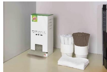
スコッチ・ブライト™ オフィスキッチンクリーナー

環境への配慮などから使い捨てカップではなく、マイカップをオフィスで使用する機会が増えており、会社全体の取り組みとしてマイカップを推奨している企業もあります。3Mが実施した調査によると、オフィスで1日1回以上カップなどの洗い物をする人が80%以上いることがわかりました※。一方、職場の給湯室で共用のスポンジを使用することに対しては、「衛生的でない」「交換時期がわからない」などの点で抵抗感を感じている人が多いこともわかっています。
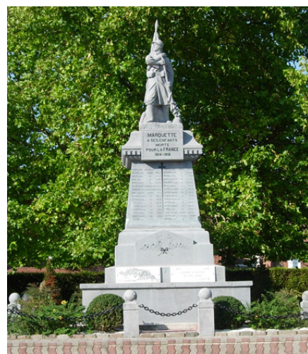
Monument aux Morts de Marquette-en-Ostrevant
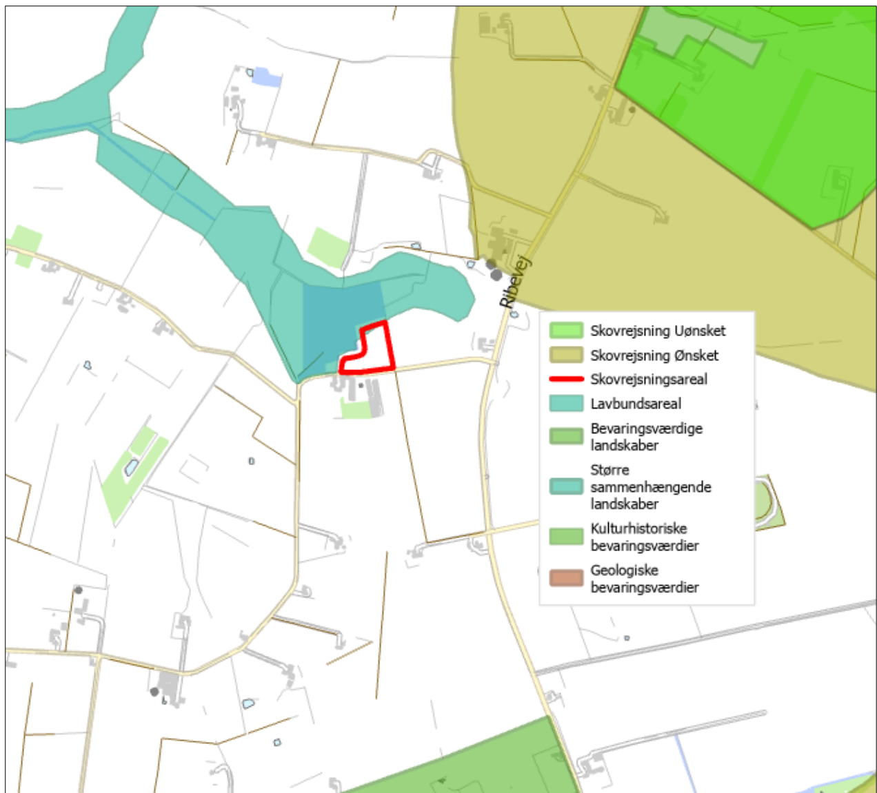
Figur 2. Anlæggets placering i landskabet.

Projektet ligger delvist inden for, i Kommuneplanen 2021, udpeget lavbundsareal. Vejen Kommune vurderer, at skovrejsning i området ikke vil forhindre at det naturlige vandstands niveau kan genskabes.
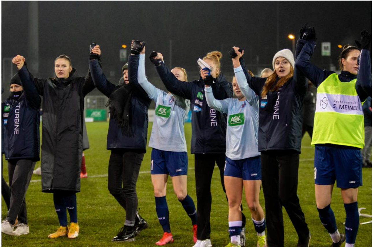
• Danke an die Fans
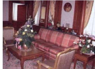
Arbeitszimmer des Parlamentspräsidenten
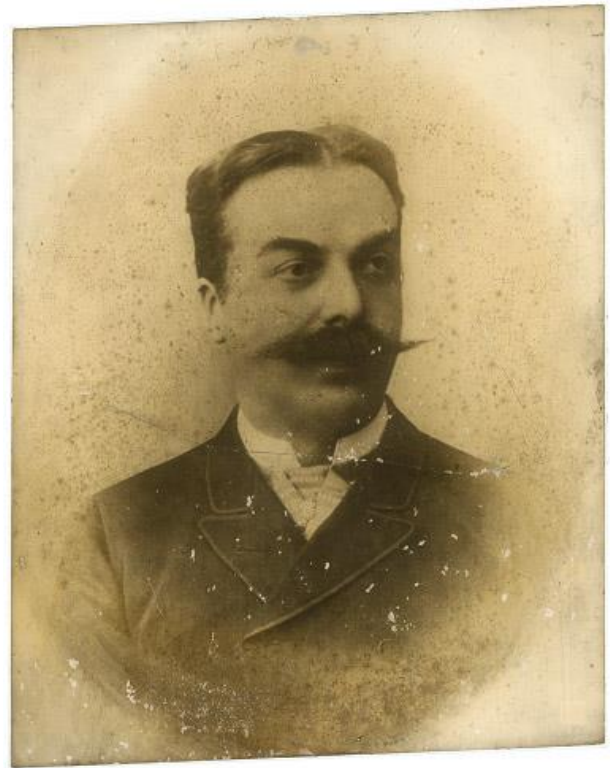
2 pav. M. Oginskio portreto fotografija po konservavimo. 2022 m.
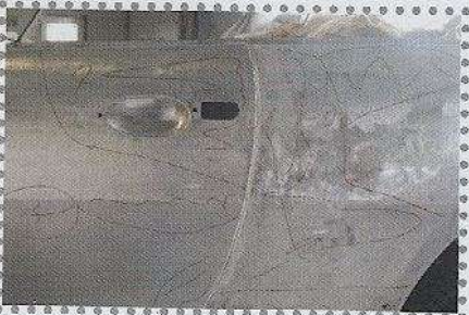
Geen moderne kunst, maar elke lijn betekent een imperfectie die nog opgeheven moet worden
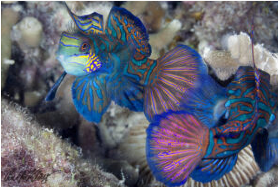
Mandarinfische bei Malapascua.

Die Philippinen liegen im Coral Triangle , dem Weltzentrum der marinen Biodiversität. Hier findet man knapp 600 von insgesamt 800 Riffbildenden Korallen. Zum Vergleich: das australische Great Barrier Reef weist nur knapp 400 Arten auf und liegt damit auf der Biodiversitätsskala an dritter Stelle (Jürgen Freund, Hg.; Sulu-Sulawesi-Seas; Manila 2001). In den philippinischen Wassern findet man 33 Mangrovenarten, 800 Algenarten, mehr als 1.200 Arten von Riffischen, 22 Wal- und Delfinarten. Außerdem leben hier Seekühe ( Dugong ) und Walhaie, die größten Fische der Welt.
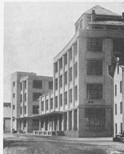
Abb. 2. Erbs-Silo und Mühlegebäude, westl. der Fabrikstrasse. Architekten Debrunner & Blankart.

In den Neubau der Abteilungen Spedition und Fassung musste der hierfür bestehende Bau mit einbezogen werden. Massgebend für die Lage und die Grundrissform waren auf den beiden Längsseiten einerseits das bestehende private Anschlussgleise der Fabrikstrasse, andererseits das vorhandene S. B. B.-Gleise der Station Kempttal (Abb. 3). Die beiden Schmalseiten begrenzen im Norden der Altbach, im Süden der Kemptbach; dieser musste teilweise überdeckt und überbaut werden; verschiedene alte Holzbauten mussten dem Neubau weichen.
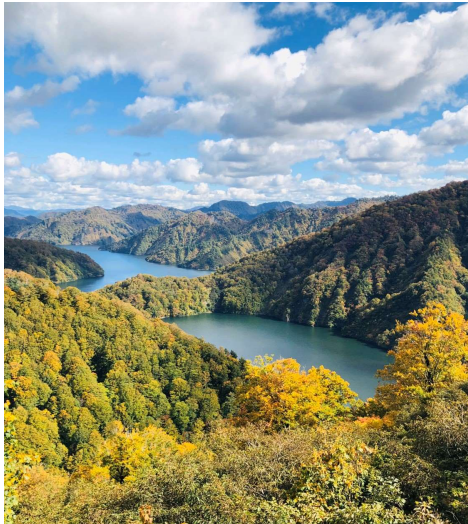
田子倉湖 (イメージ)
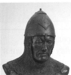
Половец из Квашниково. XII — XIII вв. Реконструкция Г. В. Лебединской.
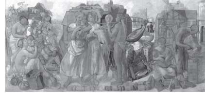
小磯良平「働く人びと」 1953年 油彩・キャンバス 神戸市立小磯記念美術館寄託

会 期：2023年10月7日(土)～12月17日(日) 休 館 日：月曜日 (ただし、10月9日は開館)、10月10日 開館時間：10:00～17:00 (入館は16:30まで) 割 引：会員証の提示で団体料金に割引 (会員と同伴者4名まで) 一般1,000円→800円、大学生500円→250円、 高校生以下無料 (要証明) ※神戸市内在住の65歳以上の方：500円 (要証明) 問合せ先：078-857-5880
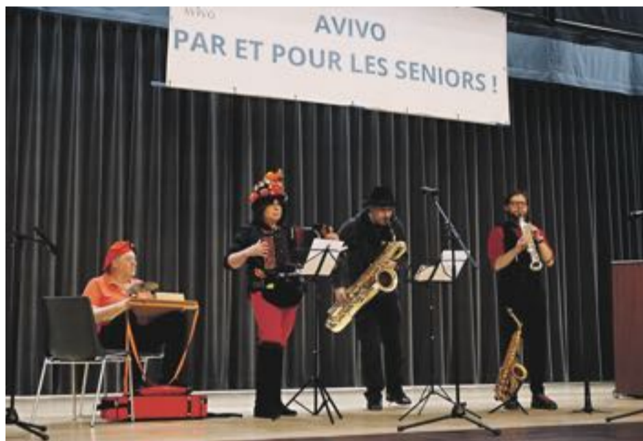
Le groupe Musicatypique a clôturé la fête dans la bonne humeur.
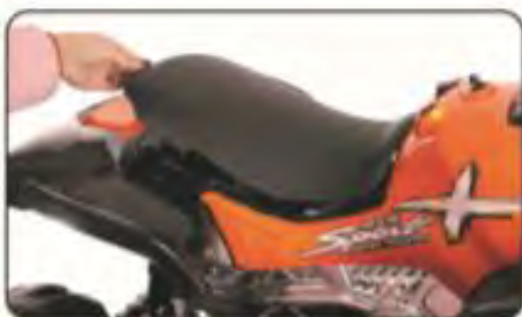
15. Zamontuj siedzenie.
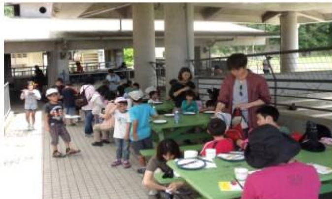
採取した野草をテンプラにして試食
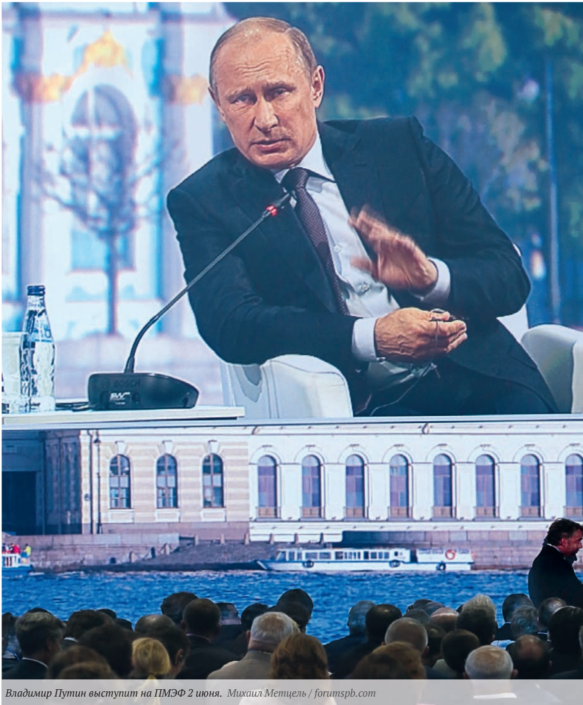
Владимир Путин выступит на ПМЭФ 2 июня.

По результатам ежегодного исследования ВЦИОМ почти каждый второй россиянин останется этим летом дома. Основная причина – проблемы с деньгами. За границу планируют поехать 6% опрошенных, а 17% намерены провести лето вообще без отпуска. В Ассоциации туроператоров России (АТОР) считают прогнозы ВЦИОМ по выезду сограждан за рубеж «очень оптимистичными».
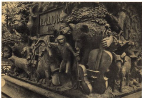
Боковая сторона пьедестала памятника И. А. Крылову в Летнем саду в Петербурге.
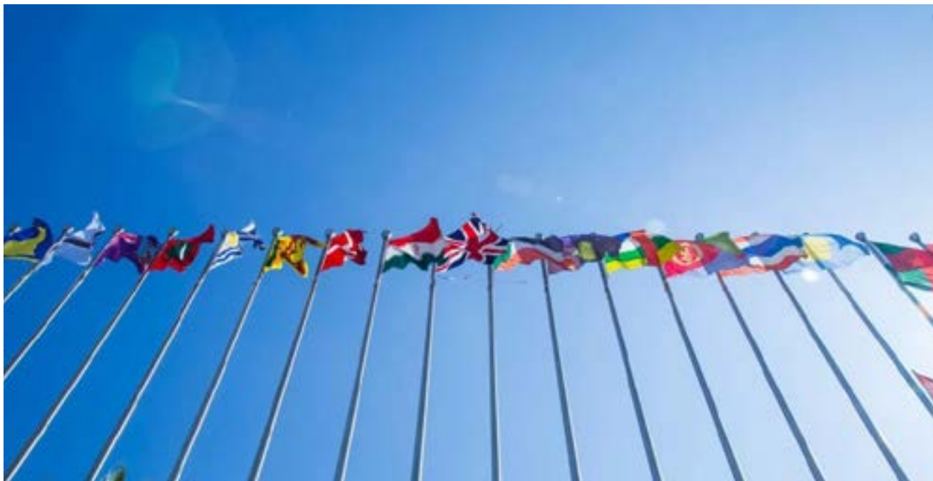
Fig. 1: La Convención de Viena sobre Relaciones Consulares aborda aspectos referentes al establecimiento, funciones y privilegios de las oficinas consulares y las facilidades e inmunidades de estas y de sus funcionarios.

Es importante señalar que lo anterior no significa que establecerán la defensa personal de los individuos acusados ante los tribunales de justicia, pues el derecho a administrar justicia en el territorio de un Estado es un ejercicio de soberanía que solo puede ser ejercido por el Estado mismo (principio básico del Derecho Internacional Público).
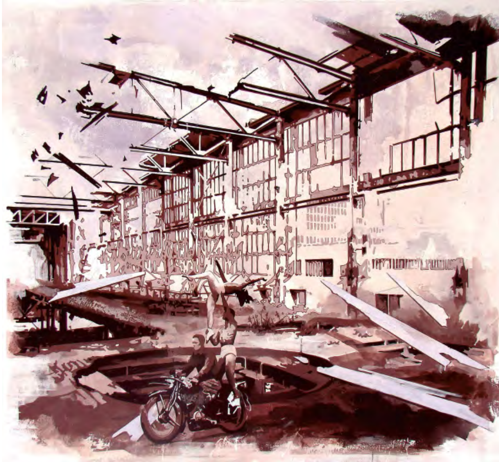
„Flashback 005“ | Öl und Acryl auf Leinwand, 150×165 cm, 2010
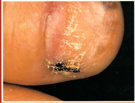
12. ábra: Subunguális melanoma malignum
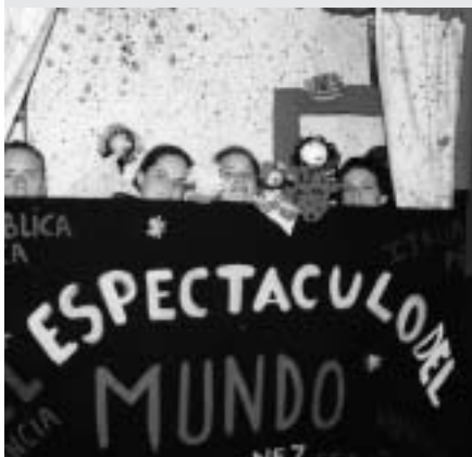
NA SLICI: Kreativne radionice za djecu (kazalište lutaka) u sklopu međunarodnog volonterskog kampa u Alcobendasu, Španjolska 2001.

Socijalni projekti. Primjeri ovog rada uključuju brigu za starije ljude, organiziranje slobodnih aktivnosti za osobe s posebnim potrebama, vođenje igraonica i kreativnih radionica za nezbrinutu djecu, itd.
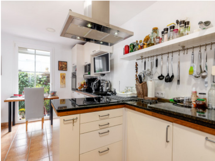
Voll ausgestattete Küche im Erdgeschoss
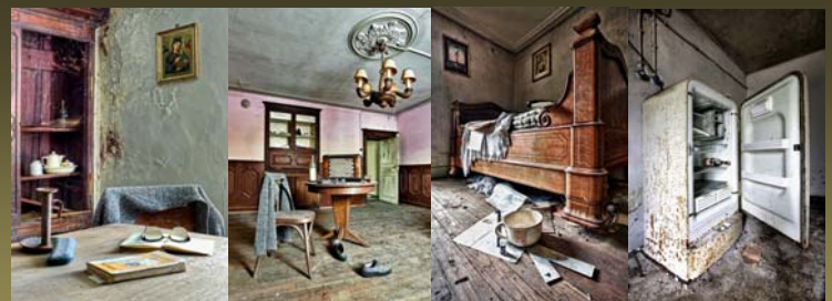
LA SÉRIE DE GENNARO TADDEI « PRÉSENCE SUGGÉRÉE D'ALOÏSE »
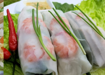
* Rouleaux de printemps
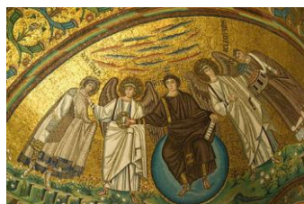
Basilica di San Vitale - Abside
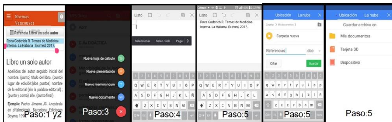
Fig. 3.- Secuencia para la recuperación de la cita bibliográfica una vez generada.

▬▬▬

Every line of the material above that has the string "Fabrikstrasse" needs pulling out.

» **Solution to this problem**
Abb. 2. Erbs-Silo und Mühlegebäude, westl. der Fabrikstrasse. Architekten Debrunner & Blankart.
In den Neubau der Abteilungen Spedition und Fassung musste der hierfür bestehende Bau mit einbezogen werden. Massgebend für die Lage und die Grundrissform waren auf den beiden Längsseiten einerseits das bestehende private Anschlussgleise der Fabrikstrasse, andererseits das vorhandene S. B. B.-Gleise der Station Kempttal (Abb. 3). Die beiden Schmalseiten begrenzen im Norden der Altbach, im Süden der Kemptbach; dieser musste teilweise überdeckt und überbaut werden; verschiedene alte Holzbauten mussten dem Neubau weichen.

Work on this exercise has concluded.